Please begin with the line containing "3/4/5/6 mm 61pcs" and reproduce each line exactly until the records below end, without any pictures.

### Exercise material

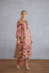 This Pankaja Asthika Kurta Set is crafted with a silk crepe organza fabric to offer utmost comfort, while keeping them chic and stylish. The kurta set is designed with multicolour digital chevron prints and intricate florals. It also features a distinct laced collar that makes it look attractive. The set comprises of kurta, pants, and odhni.
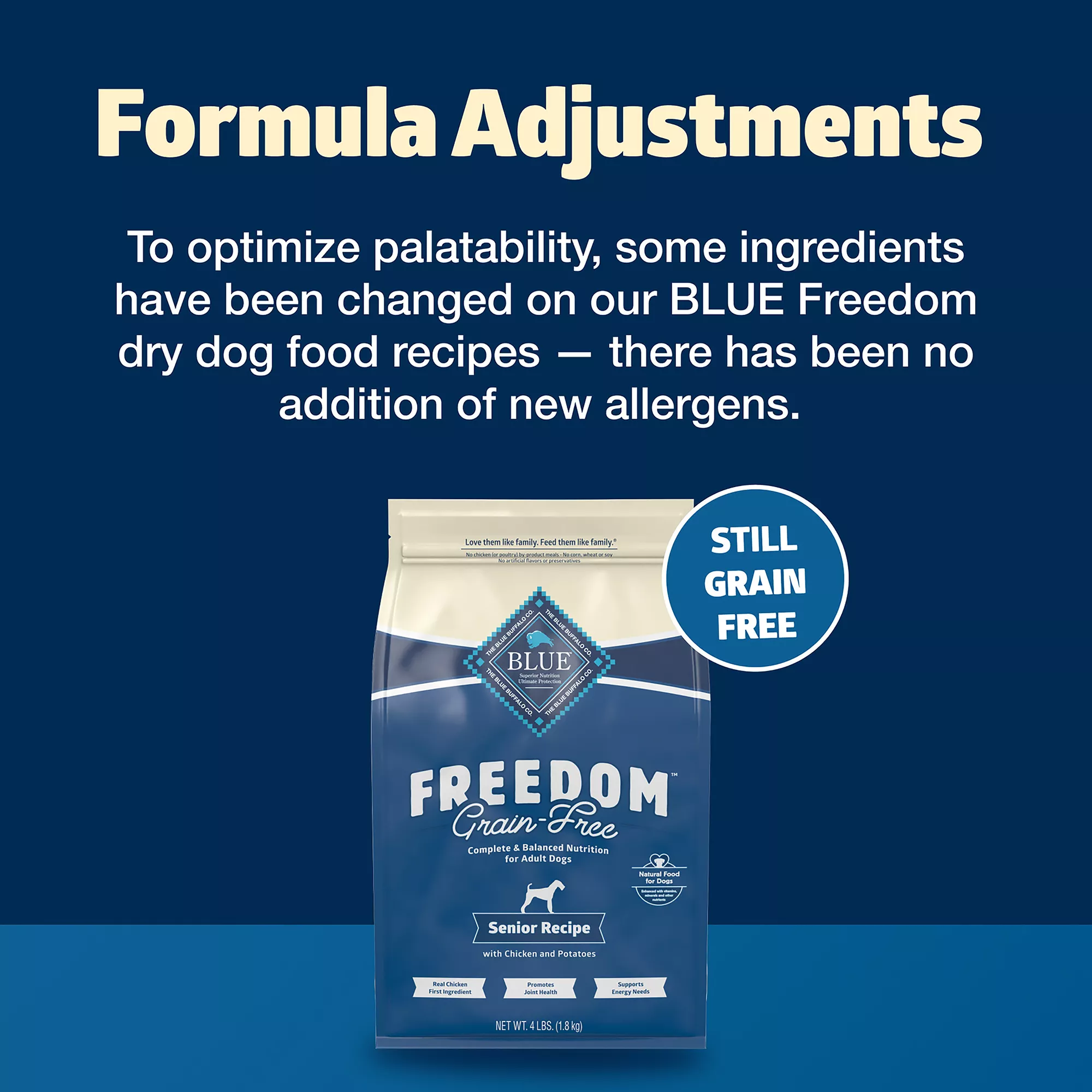 FORMULA ADJUSTMENTS: To optimize palatability, ingredients have been changed on our BLUE Freedom Dog Dry recipes
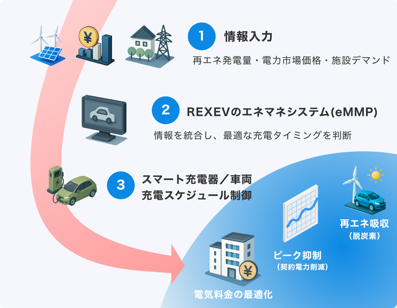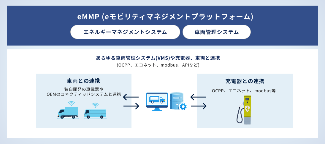 eMMPは充電制御、車両管理、API連携を組み合わせ、EV運用の効率化、コスト削減、データ活用を実現する国内初のプラットフォームです。
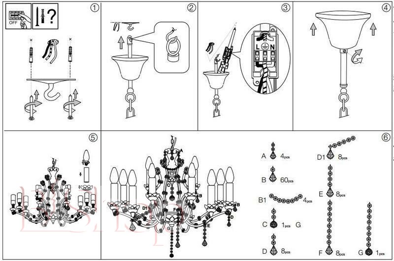 Кількість ламп: 12. Тип цоколя: E14. Висота (див): 147. Потужність лампи (Вт): 40. Діаметр (див): 64.
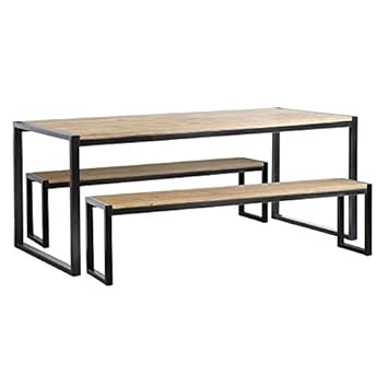 My Furniture Industrial Dining Table And 2 Benches Chenier
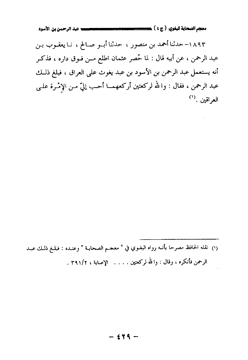 ١٨٩٣ - حدثنا أحمد بن منصور حدثنا أبو صالح نا يعقوب بن عبد الرحمن عن أبيه قال: لما حصر عثمان اطلع من فوق داره فذكر أنه يستعمل عبد الرحمن بن الأسود بن عبد يغوث على العراق فبلغ ذلك عبد الرحمن فقال: والله لركعتين أركعهما أحب إلي من الإمرة على العراقين.
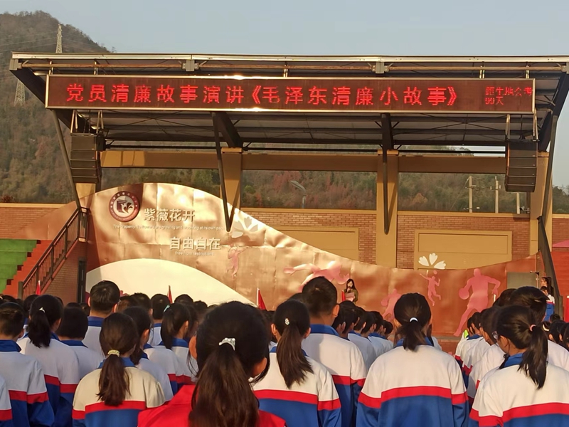 本网讯 3月13日清晨,在紫薇中学第六周升旗仪式上,该校党员教师胡双作了《毛泽东清廉小故事》演讲。这是该校清廉学校创建的举措之一,从去年下学期开始至今已由党员教师分享清廉故事近30个。 该校对清廉学校创建高度重视。将“清廉”融入学校建设的各个方面。清廉文化进课堂;清廉文化墙,清廉文化班刊,清廉文化手抄报,清廉文化书画、作文比赛作品在校园随处可见。各种活动开展不搞一阵风,能长久坚持。以每周清廉故事分享为例,可谓雷打不动,只有分享人不同,从学校党支部书记、校长,党员教师到学生会干部;只有分享内容不同,古今中外,革命前辈等名人的清廉故事涵盖其中。如不为五斗米折腰的陶渊明,举头三尺有神明的杨震,“要半文不值半文,莫道无人知者”的陶澍。还有伟大的无产阶级革命家毛泽东、刘少奇、周恩来、任弼时等伟人一心为民,廉洁奉公的感人故事。分享的这些故事像润物细无声的春雨滋润学生心田,廉洁的种子必然会生根开花结果。 据悉,前段时间,该校已经接受市“清廉学校建设示范点”的验收。
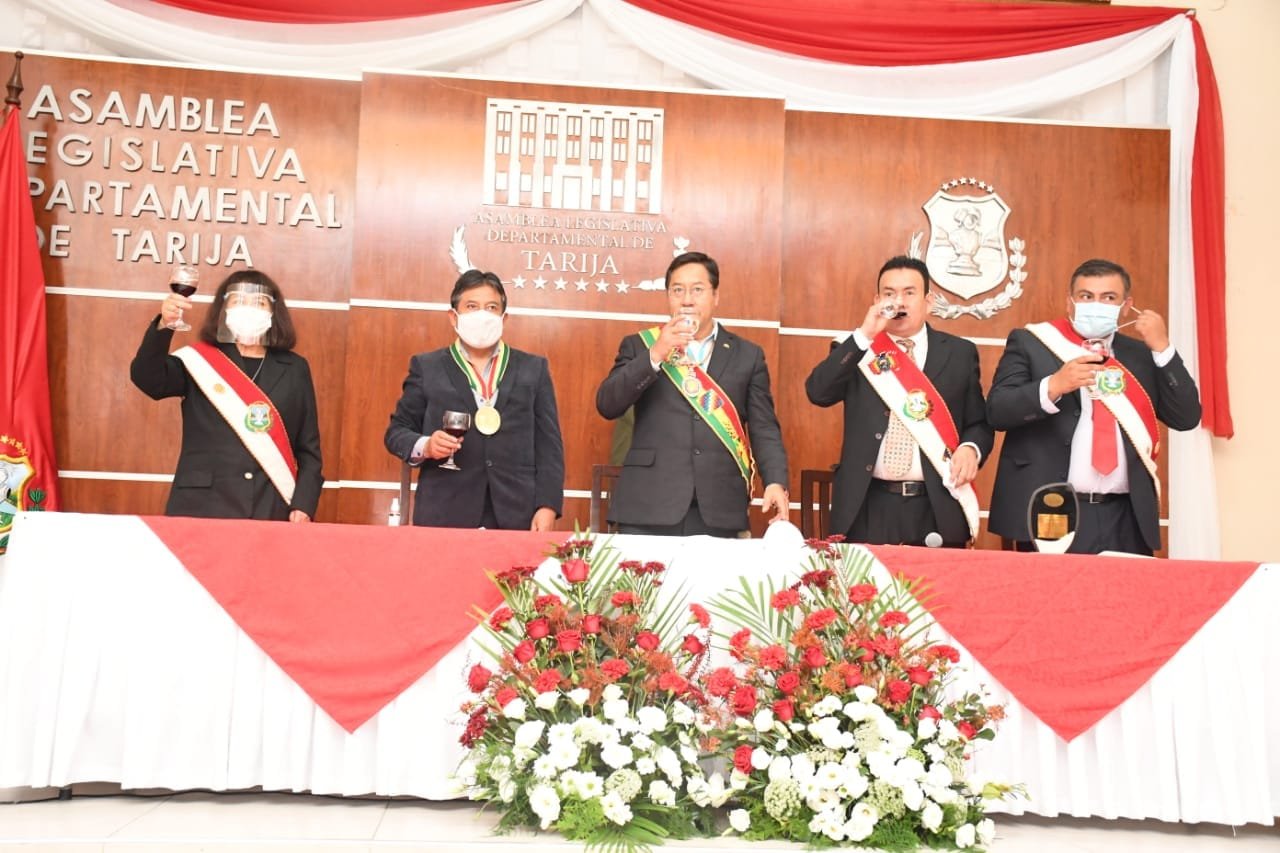 REDACCIÓN CENTRALEn la pasada jornada la Asamblea Legislativa Departamental de Tarija (ALDT) llevo adelante una sesión de honor para rendir homenaje a Tarija al recordarse 204 años de la batalla de La Tablada.En la sesión de honor participaron autoridades nacionales, entre ellos el presidente Luis Arce Catacora, el presidente del senado, Andronico Rodríguez, el alcalde electo de Tarija, Johnny Torres, además de legisladores nacionales.Arce participará de los principales actos preparados para éste 15 de abril.El primer mandatario anunció inversiones importantes para el departamento de Tarija y se comprometió a realizar inversiones significativas.Además de la entrega floral, el Te Deum y la sesión de honor del Concejo Municipal, se anuncia que Arce entregará obras en Padcaya y en el Chaco.ProyectosEl presidente Arce informó que se invertirán Bs. 1.512 millones para la reactivación económica del departamento de Tarija. Arce informó que se realizará la inversión de $us 21 millones para la construcción de la Doble Vía Yacuiba- Campo Pajoso, que contará con una longitud de 3,6 kilómetros e incluirá tres puentes, además permitirá beneficiar a 78.198 habitantes.Además, se prevé implementar la Unidad de Remoción de Mercurio de la Planta Separadora de Líquidos de Yacuiba, que es capaz de reducir los contenidos de mercurio desde 1,17 hasta 0,01 microgramos por metro cúbico.Otro de los proyectos que se reactivará es la Unidad Acondicionadora de Semillas de Trigo que tendrá una inversión de más de Bs 9 millones. También se impulsará el proyecto eólico La Ventolera mediante fuentes alternativas con alrededor de 24 megavatios adicionados al Sistema Interconectado Nacional. Navegación de entradasTransporte busca reunirse con el presidente de UNIVida por el SOAT proponen con un proyecto de Ley descuento del 50% en pensiones de colegios privados
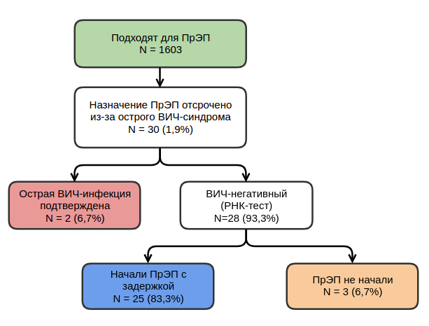 Какие основания были у команды доктора Круча для предложения раннего старта ПрЭП? Ответ найдём в исследовании iPrEx OLE за 2014 год. Учёные предложили предложить каждому обратившемуся за ПрЭП ответить на вопросы в анкете, которые позволили бы выявить острый ретровирусный синдром у респондентов. Как видно на диаграмме (рис. 1), в исследовании участвовало 1 603 человек. У 30 из них на основании ответов на вопросы выявили признаки острого ретровирусного синдрома, характерного для первых недель ВИЧ-инфекции. Таким людям предлагали сдать кровь для анализа не экспресс-тестом на ВИЧ, а затратным тестом ПЦР на РНК ВИЧ. У двух человек выявили острую фазу ВИЧ-инфекции. Среди оставшихся 28 испытуемых, 25 начали ПрЭП с задержкой, а три человека отказались от ПрЭП.
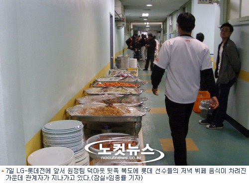 프로야구 LG-롯데전이 열린 지난 7일 잠실구장. 3루 측 덕아웃 뒷쪽 복도에는 분주하게 오가는 선수들과 관계자들 사이로 푸짐한 진수성찬이 차려졌다. 원정팀 롯데 선수들을 위한 뷔페 저녁 식사였다.
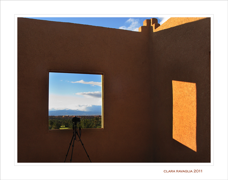 Per un attimo mi hai dato da pensare... dato che io non ho modificato nulla in questa foto, se non taglaire un filo in alto per far coincidere gli angoli superiori con le linee in discesa della zona in ombra. Ma, pensandoci, si tratta di una terrazza sul tetto dell'albergo.. dove c'era un vero labirinto di pareti in pisè con queste strane fenestrature multiple e incastri tipo di box concatenantesi come delle matrioske. Ora no ricordo perfettamente, ma c'era sicuramente una finetra a fronte, fuori campo, che determina il rombo di luce al alto opposto.
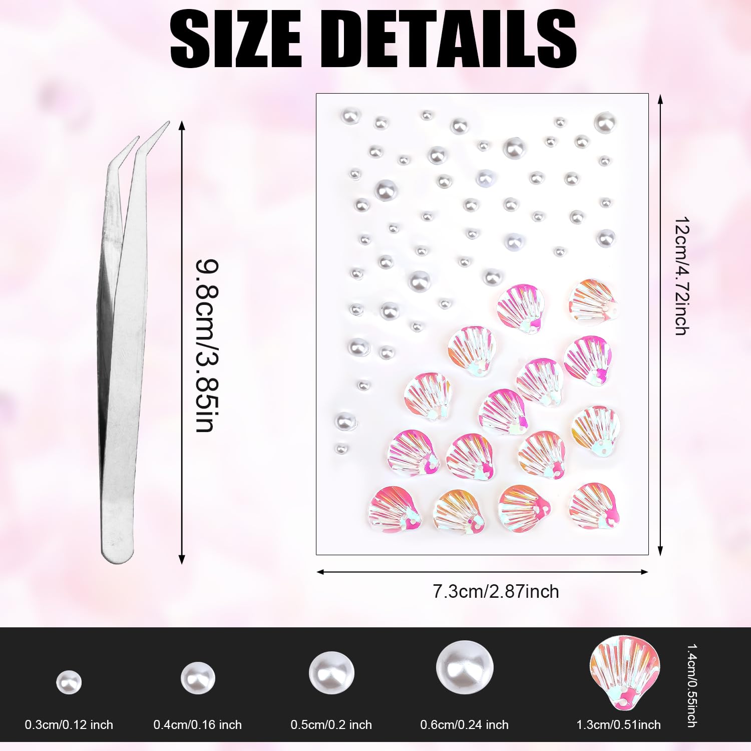 3/4/5/6 mm 61pcs Face Gems Stickers, with Pearl Round Diamond Jewels Diamonds Gemstones Stickers Festival Pink Shells Makeup Face Rhinestones Decorations for Crafts Nails
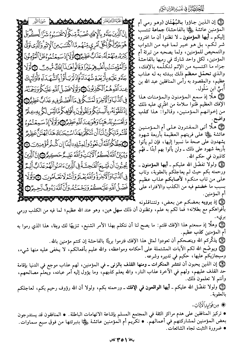 11 - إن الذين جاؤوا بالبُهْتَان (وهو رمي أم المؤمنين عائشة - رضي الله عنها - بالفاحشة) جماعة تنتسب إليكم -أيها المؤمنون- لا تظنوا أن ما افتروه شر لكم، بل هو خير لما فيه من الثواب والتمحيص للمؤمنين، ولما يصحبه من تبرئة أم المؤمنين، لكل واحد شارك في رميها بالفاحشة جزاء ما اكتسبه من الإثم لتكلّمه بالإفك، والذي تحمّل معظم ذلك ببدئه به له عذاب عظيم، والمقصود به رأس المنافقين عبد الله بن بن ابن سَلُول.
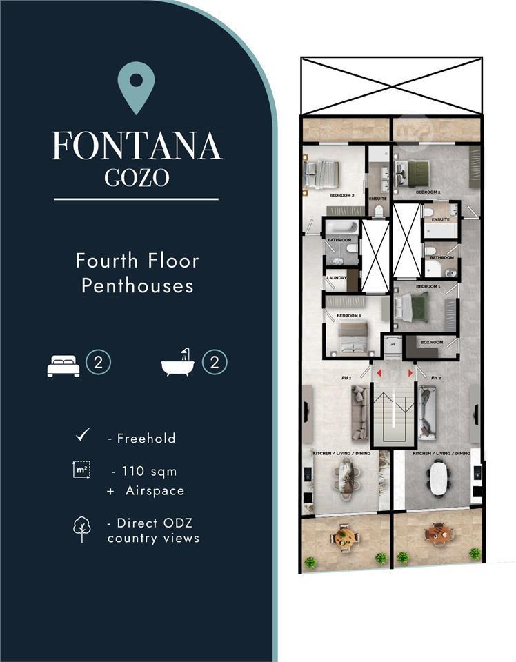 🔹 2 × Two-bedroom penthouses featuring a main bathroom, an ensuite and a laundry/boxroom + airspace

######

## Answer space
 3/4/5/6 mm 61pcs Face Gems Stickers, with Pearl Round Diamond Jewels Diamonds Gemstones Stickers Festival Pink Shells Makeup Face Rhinestones Decorations for Crafts Nails
 11 - إن الذين جاؤوا بالبُهْتَان (وهو رمي أم المؤمنين عائشة - رضي الله عنها - بالفاحشة) جماعة تنتسب إليكم -أيها المؤمنون- لا تظنوا أن ما افتروه شر لكم، بل هو خير لما فيه من الثواب والتمحيص للمؤمنين، ولما يصحبه من تبرئة أم المؤمنين، لكل واحد شارك في رميها بالفاحشة جزاء ما اكتسبه من الإثم لتكلّمه بالإفك، والذي تحمّل معظم ذلك ببدئه به له عذاب عظيم، والمقصود به رأس المنافقين عبد الله بن بن ابن سَلُول.
 🔹 2 × Two-bedroom penthouses featuring a main bathroom, an ensuite and a laundry/boxroom + airspace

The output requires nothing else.